Let's write out the probability distribution, ignoring the constant of integration for the moment:

$$p(x_1, x_2, x_3) \propto 0.2^{x_1}0.2^{x_2}0.6^{20-x_1-x_2}$$

The distribution of the counts of raisins is a multinomial distribution, with size parameter $n=20$ and probabilities $0.2, 0.2, 0.6$. This is exactly the sort of process the multinomial describes.

To make the applicability of the multinomial distribution a little clearer, let's simplify the problem to one where you only want to know about how many raisins you get. Each raisin is assigned to your piece with a probability of $0.2$ and to "not your piece" with a probability of $0.8$. I'm not sure how you were taught about the binomial distribution, but coin flipping is a pretty common example; it should be clear that the raisin assignment probabilities are exactly the same, mathematically, as flipping a coin with $p(\text{heads}) = 0.2$ 20 times and counting the number of heads. The fact that there is a fixed number of raisins is irrelevant; there are a fixed number of coin flips too, but it's still a binomial. In fact, the fixed number of raisins corresponds exactly to the fixed number of coin flips, mathematically speaking.

The multinomial is just the extension of the binomial to more than two possible results, which in the problem statement is achieved by including your sister in it.
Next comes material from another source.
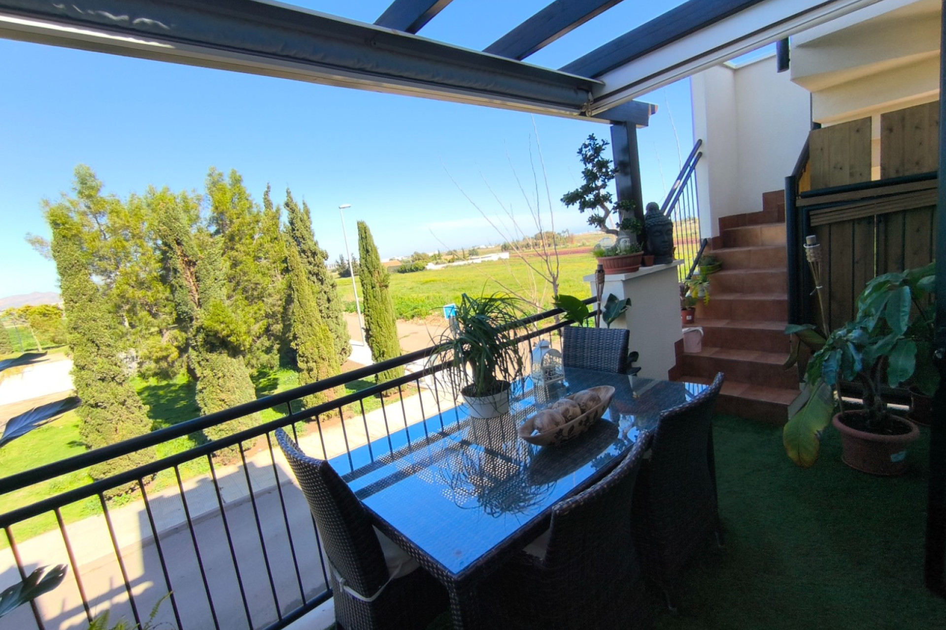 The balcony leads to a large solarium with wooden flooring and a glass enclosure, where a charming raised reading area is located. From here, you can enjoy the natural surroundings as well as stunning views of the Mar Menor and La Manga del Mar Menor.

Now, if we restructured the problem such that there were, let us say, 10 yellow and 10 black raisins, and your grandmother randomly chose, say, 5 raisins from the 20 total to put on the cake, and all you cared about is the number of yellow raisins on your slice, we would be entering the realm of hypergeometric probabilities. The key is that each "draw" now has a different probability of selecting a yellow raisin, with that probability being dependent upon the results of the previous draws in the obvious way, and then the raisin is being assigned to a piece of cake. In our multinomial problem, we aren't selecting from a finite population of mixed characteristics at all, we are just repeating the same act with the same probabilities $n$ times. (You could think of the original problem as having each "draw" select a black raisin with probability $=1$, regardless of what happened on previous draws, but that is an unnecessary complication, since the probabilities are always $1$.) Since the whole first step - selecting a raisin of some color from a finite mixed bag of raisins - doesn't exist in the problem statement, the probabilities aren't hypergeometric, but multinomial.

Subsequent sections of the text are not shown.